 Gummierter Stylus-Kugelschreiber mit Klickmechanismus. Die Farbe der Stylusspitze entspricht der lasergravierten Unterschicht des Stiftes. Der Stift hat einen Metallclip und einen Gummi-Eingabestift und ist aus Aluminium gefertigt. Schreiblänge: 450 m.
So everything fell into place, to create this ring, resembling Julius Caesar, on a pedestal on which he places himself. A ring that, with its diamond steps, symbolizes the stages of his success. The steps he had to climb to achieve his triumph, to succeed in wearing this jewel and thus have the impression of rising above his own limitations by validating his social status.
- - - - -
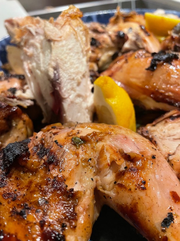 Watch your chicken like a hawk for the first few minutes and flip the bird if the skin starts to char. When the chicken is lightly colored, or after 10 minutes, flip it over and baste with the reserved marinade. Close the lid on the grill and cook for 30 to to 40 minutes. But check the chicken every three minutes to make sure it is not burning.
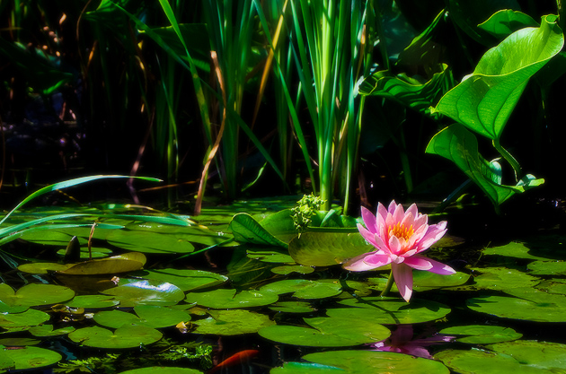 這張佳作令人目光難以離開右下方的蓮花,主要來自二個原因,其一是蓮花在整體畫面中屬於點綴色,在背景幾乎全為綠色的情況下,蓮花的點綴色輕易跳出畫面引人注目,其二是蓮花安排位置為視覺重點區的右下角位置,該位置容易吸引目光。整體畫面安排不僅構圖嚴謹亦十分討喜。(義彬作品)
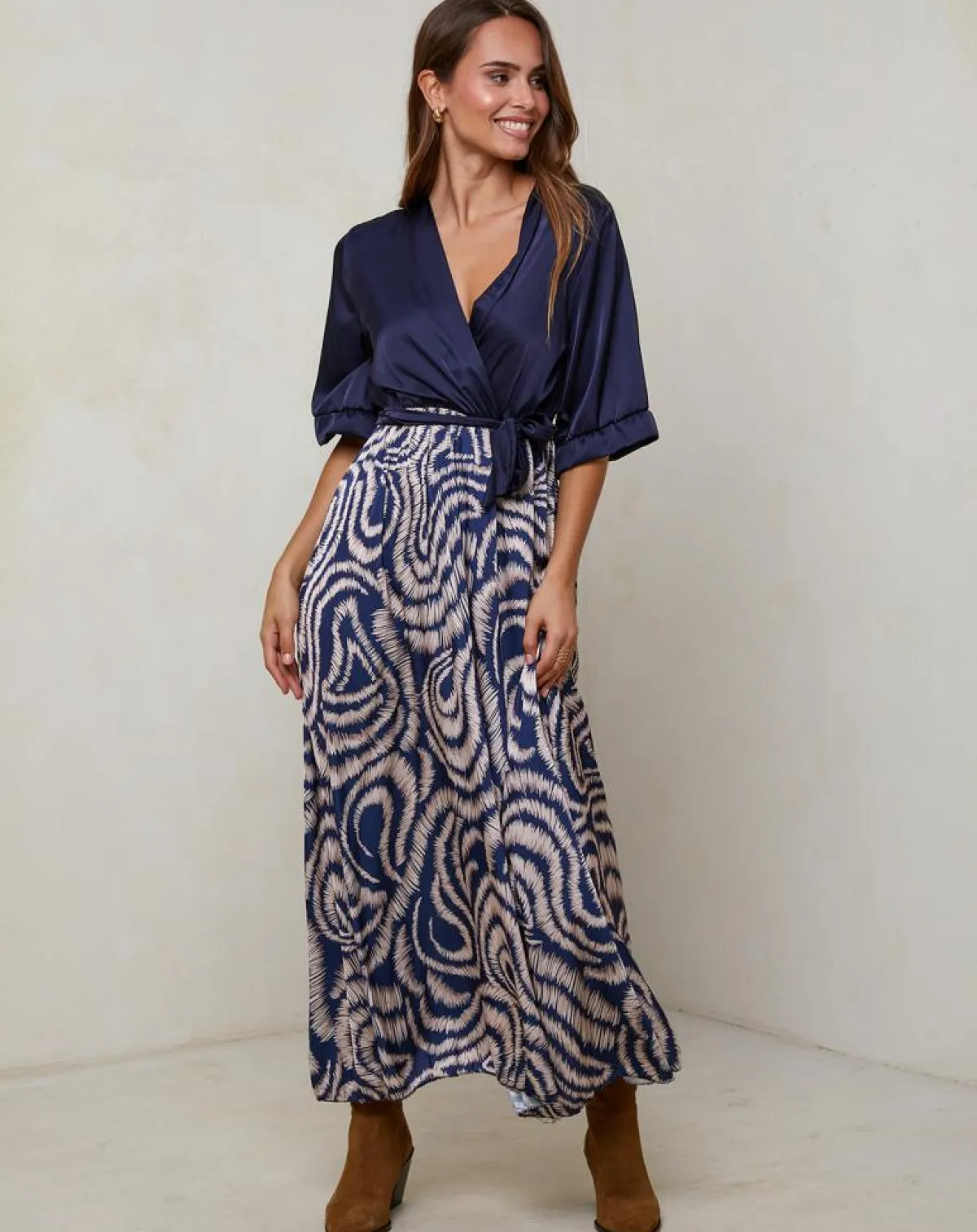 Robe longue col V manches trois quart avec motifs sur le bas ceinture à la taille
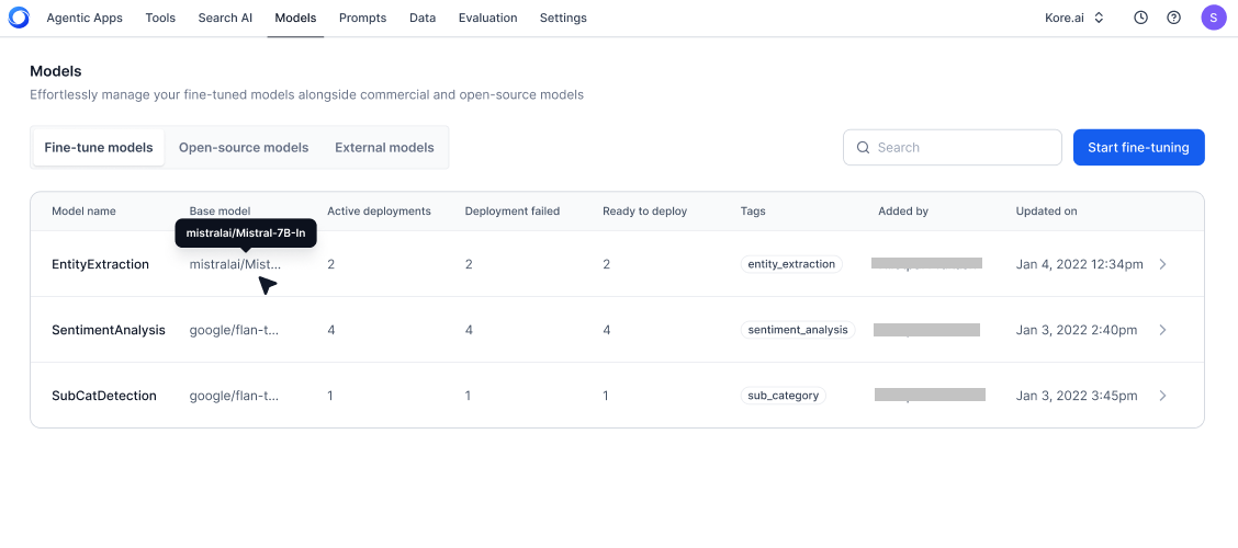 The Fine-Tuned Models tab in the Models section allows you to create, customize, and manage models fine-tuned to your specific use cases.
- - - - -
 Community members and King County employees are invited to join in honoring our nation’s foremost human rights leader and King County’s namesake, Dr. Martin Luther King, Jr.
- - - - -
◆ PROBLEM ◆
Among the entries above, copy exactly the stretch from the line holding "這張佳作令人目光難以離開右下" through the line holding "The Fine-Tuned Models", leaving out any pictures.

◆ EXERCISE SOLUTION ◆
 這張佳作令人目光難以離開右下方的蓮花,主要來自二個原因,其一是蓮花在整體畫面中屬於點綴色,在背景幾乎全為綠色的情況下,蓮花的點綴色輕易跳出畫面引人注目,其二是蓮花安排位置為視覺重點區的右下角位置,該位置容易吸引目光。整體畫面安排不僅構圖嚴謹亦十分討喜。(義彬作品)
 Robe longue col V manches trois quart avec motifs sur le bas ceinture à la taille
 The Fine-Tuned Models tab in the Models section allows you to create, customize, and manage models fine-tuned to your specific use cases.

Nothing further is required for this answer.